I'm wondering how I would be able to regression-test functions in my project (pgflow [0]) - it tracks a graph of state machines modeled in few tables. State is mutated only by calling few exposed SQL functions (task queue worker does it).
Given I can't enforce everything I need with check constraints and I try to avoid triggers if possible, I opted for only using exposed SQL API [1] for setting up state in my pgTAP tests.
It is imperative and harder to maintain, like scripts you described in the article, but really my only option, as I want to have maximum confidence level.
Does RegreSQL support some kind of init scripts or I would need to wire it myself and just run RegreSQL after the proper state is set? Would lose the "run once and get report on everything" benefit then :-(
[0] https://pgflow.dev/ [1] https://github.com/pgflow-dev/pgflow/blob/main/pkgs/core/sup...
Plus I have whole set of other requirements where RegreSQL suddenly seems to be a good solution.
And without sounding cliche - Thank you for the comment! This is exactly why I forced myself to go public and get this level of feedback.
I was postponing proper, dedicated performance testing for some time and would really love to up my game in that regard.
I'm very happy with pgTAP approach of running stuff in transaction and rolling them back after the test - how this works in RegreSQL?
Would love to provide feedback and test the hooks when you will be working on them. I'm mostly interested in performance testing and my use case would be to run them on CI and compare to previous metrics stored somewhere in order to fail CI when performance regressions are introduced.
Happy to connect, got contact info in my profile.
I will definitely reach out, just give me bit of time to mentally recover from the exposure and got some meet ups where I promised to deliver some presentations and they will consume a lot of my spare free time.
You can instruct postgres to raise exceptions using the same error code that constraints use: that way your clients do not need to know the difference.
That said, there ARE other places that would benefit from triggers (aggregate counts). I've avoided them because they're hot paths and I was worried about perf impact - relyi ng on pgTAP coverage instead.
Your defense-in-depth argument is solid though. I should revisit this and benchmark whether the safety is worth the perf cost. Something like RegreSQL would come in handy
So it would be nice if RegreSQL would support fixture hooks for those who like this route.
Would also be fun if you could support PGLite [0], that's what I've been using to write "unit" tests connected to a "real" database.
[0] https://github.com/eradman/ephemeralpg [1] https://github.com/theory/pgtap
I deal with a lot of complex querying logic with mostly Elasticsearch. My appproach is to either unit test or integration test and just skip everything in between. With queries what I care about is that they work under realistic scenarios against the same version of Elasticsearch that we use in production. Creating test fixtures is expensive. So tests for read only querying shares the same test fixtures. That speeds things up. I don't care about separately testing simple crud operations because most of my scenarios trigger plenty of those. A unit test for that has no value to me. Unit testing whether my API can send queries to some fake Elasticsearch, empty Elasticsearch, etc. has limited value to me. There's some limited value in knowing the queries I'm sending are syntactically correct. But you get that for free with a proper integration test not failing. The unit test is redundant if you have a proper integration test. And a unit test without a proper integration test provided little practical value.

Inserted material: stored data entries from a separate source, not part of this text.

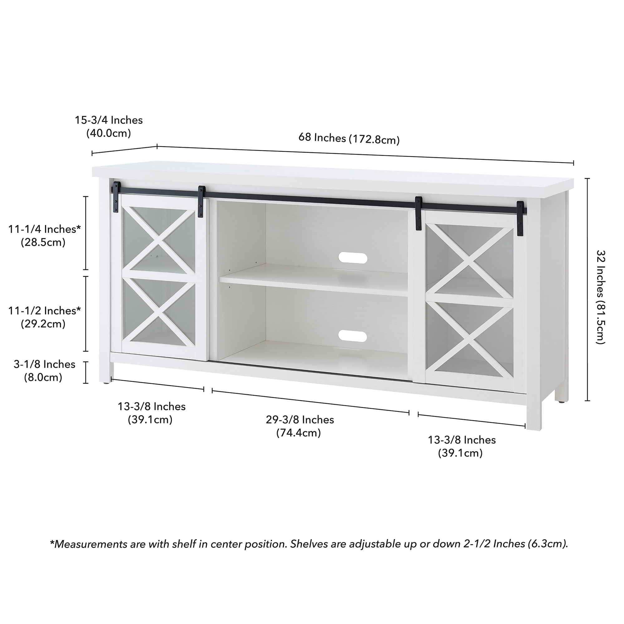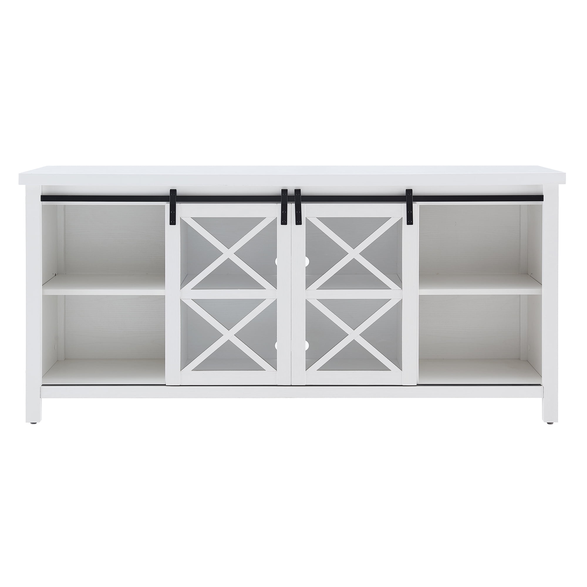 Combine functionality and on-trend design with this sturdy TV stand. Its rich wood tone creates a warm neutral palette that will blend seamlessly into any color scheme, while its functional sliding barn doors add a touch of modern farmhouse whimsy. A must-have for living areas and entertainment spaces, this TV stand sets the stage for the big game, a movie marathon, or that season finale everyone’s been talking about.
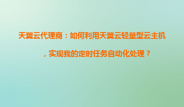 2025-10-31天翼云代理商:如何利用天翼云輕量型云主機(jī)實現(xiàn)定時任務(wù)自動化處理 一、引言 隨著企業(yè)數(shù)字化轉(zhuǎn)型加速,自動化運維需求日益增長。定時任務(wù)作為自動化運維的重要組成部分,可有效提升工作效率,減少人力成本。天...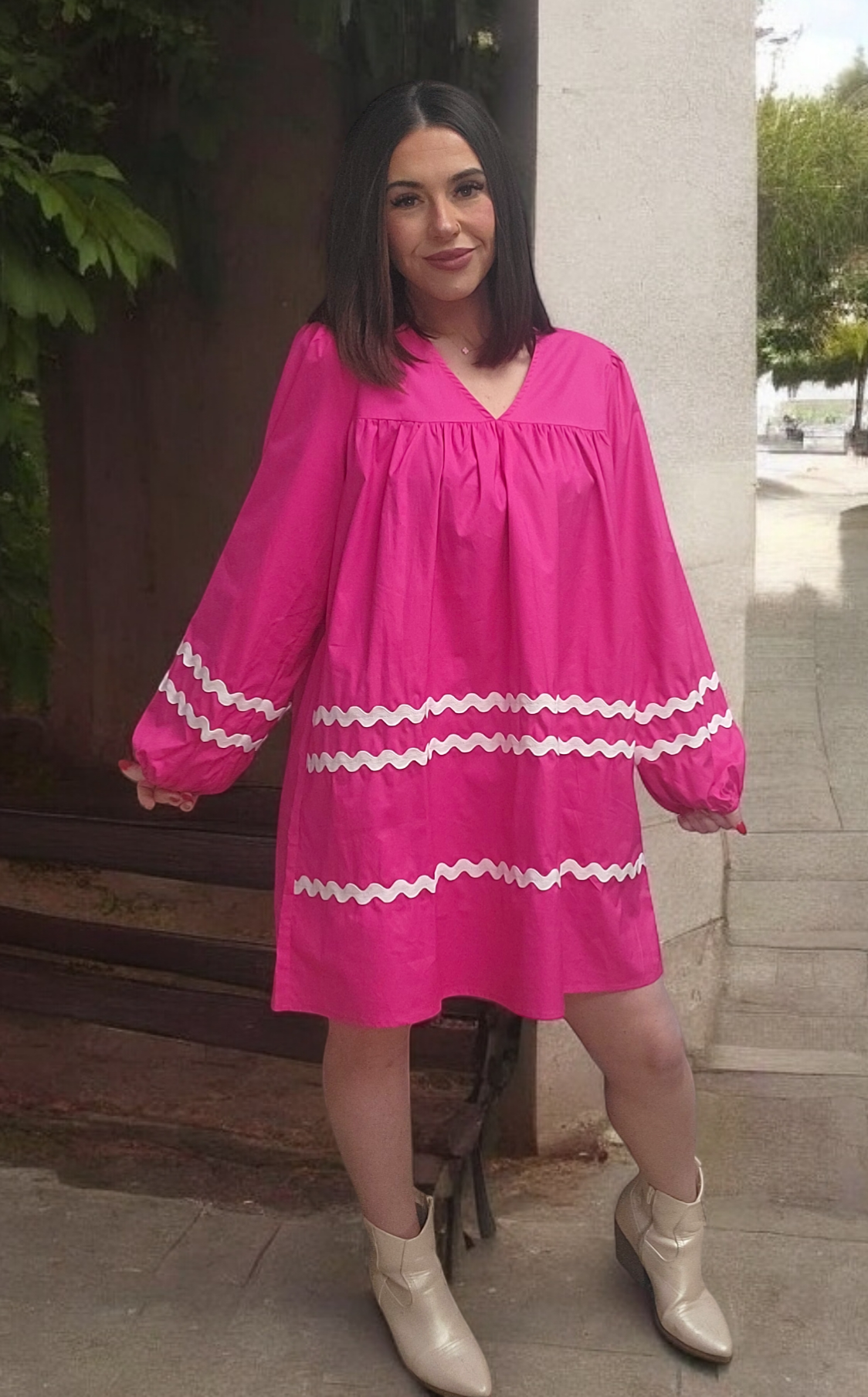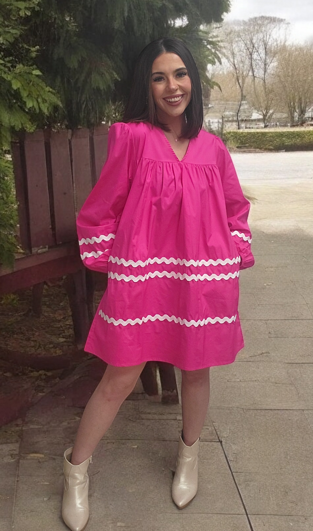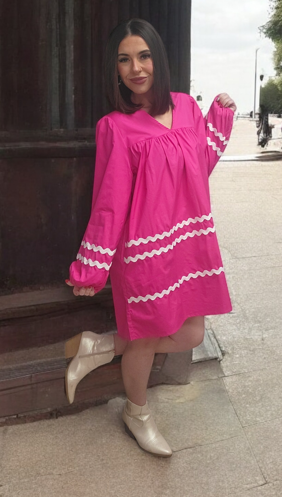Introducing the Girl Like Me Dress - crafted in breezy 100% cotton for all-day comfort. With charming ric rac detailing and convenient functional pockets, this dress effortlessly combines style and functionality. The flowy fit adds a touch of femininity, making it a perfect choice for any occasion.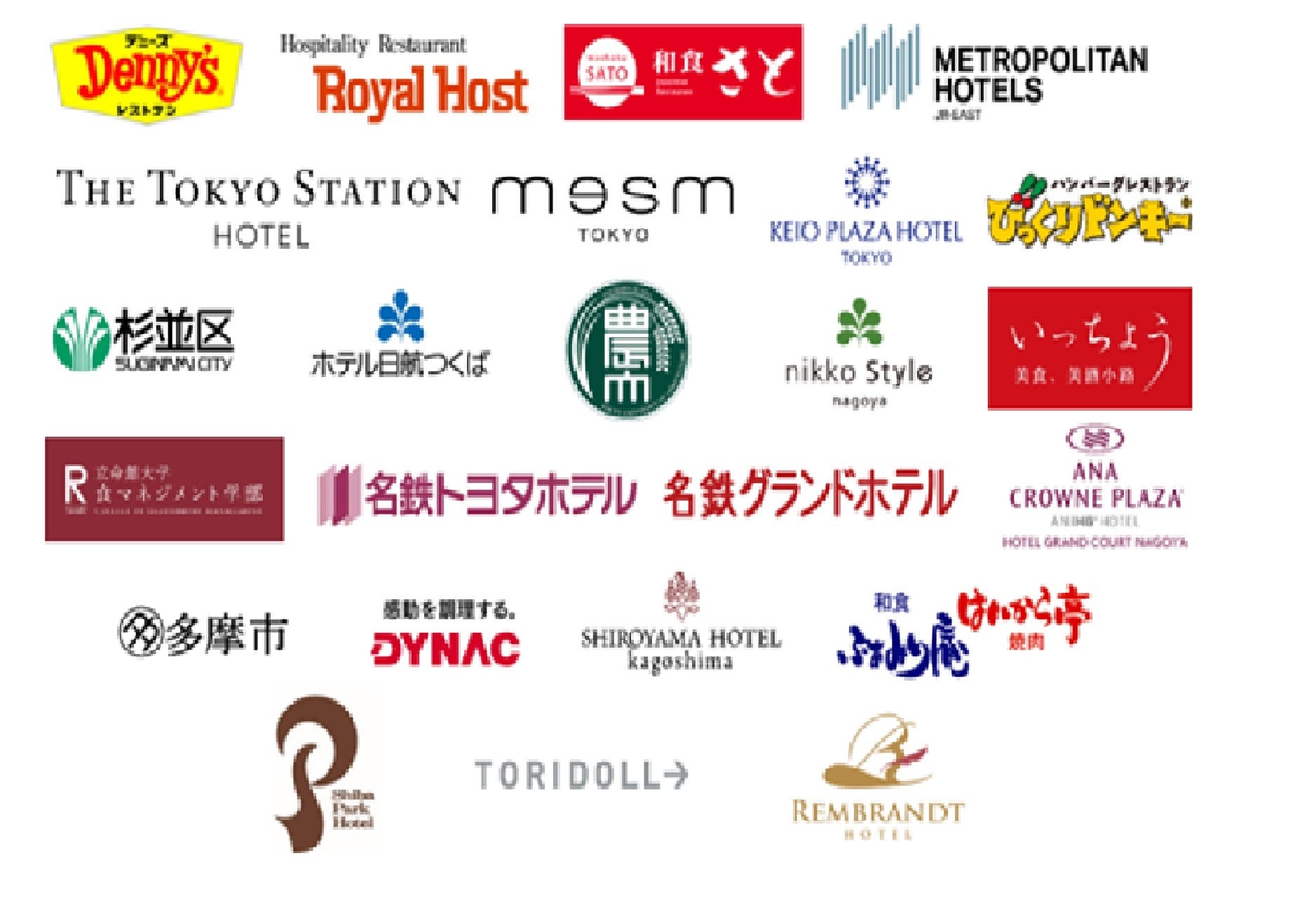 株式会社セブン&アイ・フードシステムズ、ロイヤルホールディングス株式会社、SRSホールディングス株式会社、日本ホテル株式会社、株式会社京王プラザホテル、株式会社アレフ、東京都杉並区、ホテル日航つくば、東京農業大学、ニッコースタイル名古屋、株式会社いっちょう、立命館大学食マネジメント学部、株式会社名鉄ホテルホールデイングス、東京都多摩市、株式会社ダイナック、城山観光株式会社、康正産業株式会社、株式会社芝パークホテル、blancjapan株式会社、株式会社トリドールホールディングス、レンブラントホテル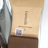 Why choose pre-owned Larroude? Buyers frequently praise Larroude flats for combining wearable comfort with luxury finishing—buying a gently used pair like this offers access to that refined construction and distinctive mirrored-leather look at meaningful savings. The subtle signs of storage wear are cosmetic and do not detract from the shoe’s overall polish or wearability.
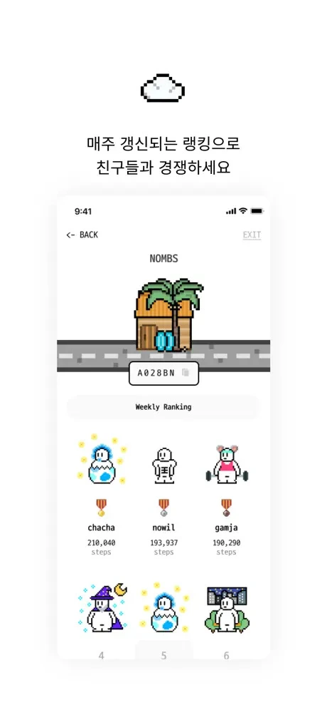 찰리와 걷기에서는 지인들과 공유할 수 있는 코드를 형성해서 닫힌 환경에서 리더보드 경쟁을 하게 된다.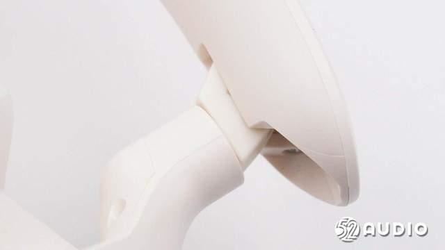 机身侧边外观一览,圆形耳壳设计,经典半月形悬挂,观感非常简洁。耳壳支持上下角度旋转,用于更好的适配不同用户使用。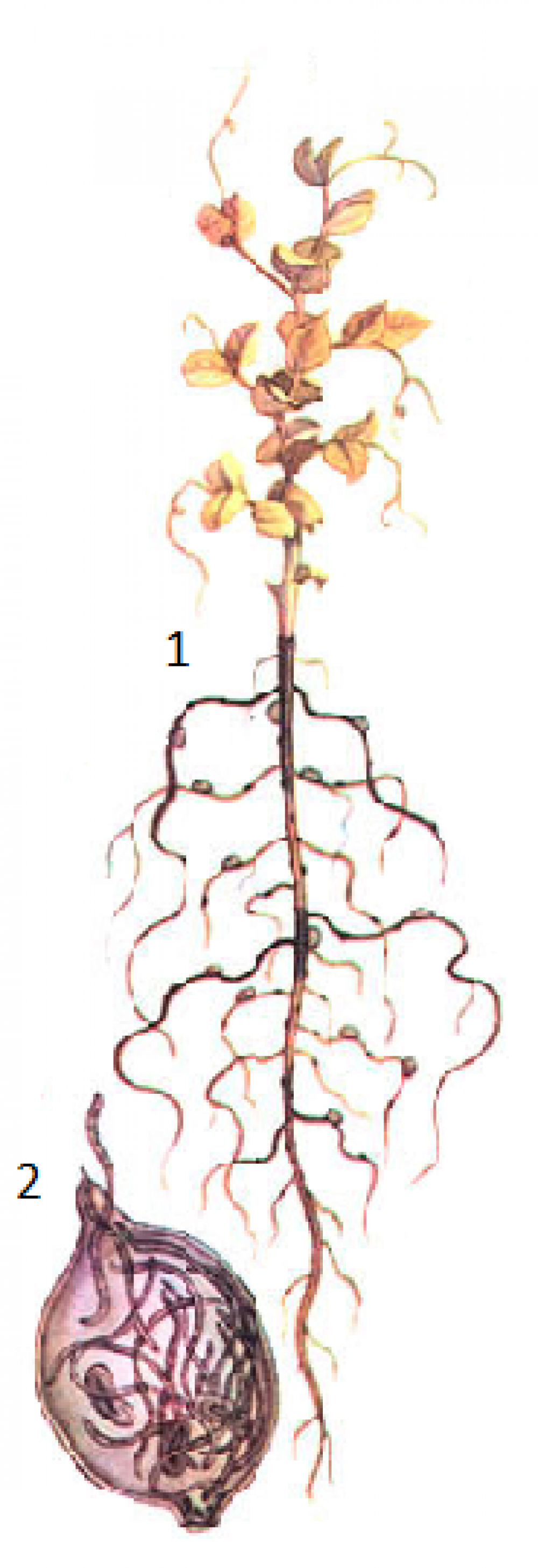 Ця нематода викликає пошкодження гороху, вики, чини, сочевиці та люпину. Уражені рослини часто мають карликовий вигляд, відстають у рості, їх листя жовтіє та передчасно відмирає. На коріннях рослин спостерігається коренева гниль, вони стають тонкими, в'ялими та мало розгалуженими. Сильно уражені рослини можуть повністю в'янути та відмирати.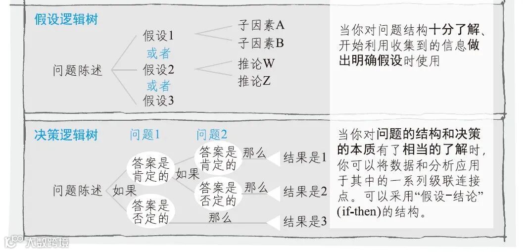 在这之后,经过反复应用数据和分析之后,我们通常会根据问题的性质转而使用假设逻辑树、演绎逻辑树或决策逻辑树。
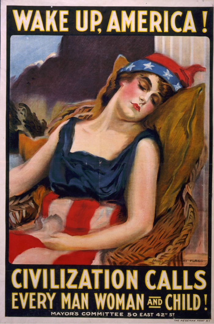 苏醒吧美国!人类文明正在召唤每个男人,每个女人,每个孩子!设计者为James Montgomery Flagg。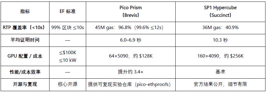 硬件策略: 在 64×RTX 5090 GPU(约 $128K)配置下,Pico Prism 实现 6.0–6.9 秒平均证明时间、96.8% RTP 覆盖率,性能/成本比提升约 3.4 倍,较 SP1 Hypercube(160×4090 GPU,10.3 秒)表现更优。

What I actually do care about is all the complicated dashboard and other queries that make lot of assumptions about how data is structured, what fields are there, how they are indexed, whether they can be null, blank, or have invalid values, etc. work as intended. That kind of calls for an integration test. Anything trivial enough that a unit test would be good enough doesn't tend to need a lot of testing. Any scenario that touches enough of that stuff, kind of covers most of that.
I put a lot of effort in ensuring that my integration tests can run quickly, concurrently, and don't interact with each other (data randomization). That allows me to get away with not deleting a lot of data between tests and gets me a lot of realism for free because real users don't have an empty system completely to themselves. So having a lot of tests running against a busy system is integration testing gold. I have close to 300 full API integration tests running in around 30 seconds on my laptop. Close enough to unit testing performance that I run them many times per day.
The same approach applies to database testing. Probably more so because all the interesting bugs usually relate to constraints, transactionality, database locks, etc. If you have flaky tests because of that, it might actually be because your database layer has some issues with the notion of users not being polite enough to queue up one by one.
This is not for everyone, I realize. Do what works for you. I've butted heads with people over this more than a few times. But in my company (of which I'm the CTO), we unit test functions, small classes, regular expressions, parsing logic, etc. We integration test systems and APIs. Testing individual queries without the rest of the system is hard and pointless. Test the API that triggers the query. That 30 second performance for test runs is something I spent a lot of time on getting. It means we can do major changes without fear. If tests pass, our users should be fine.
With current feature set it's something I have already considered but still undecided.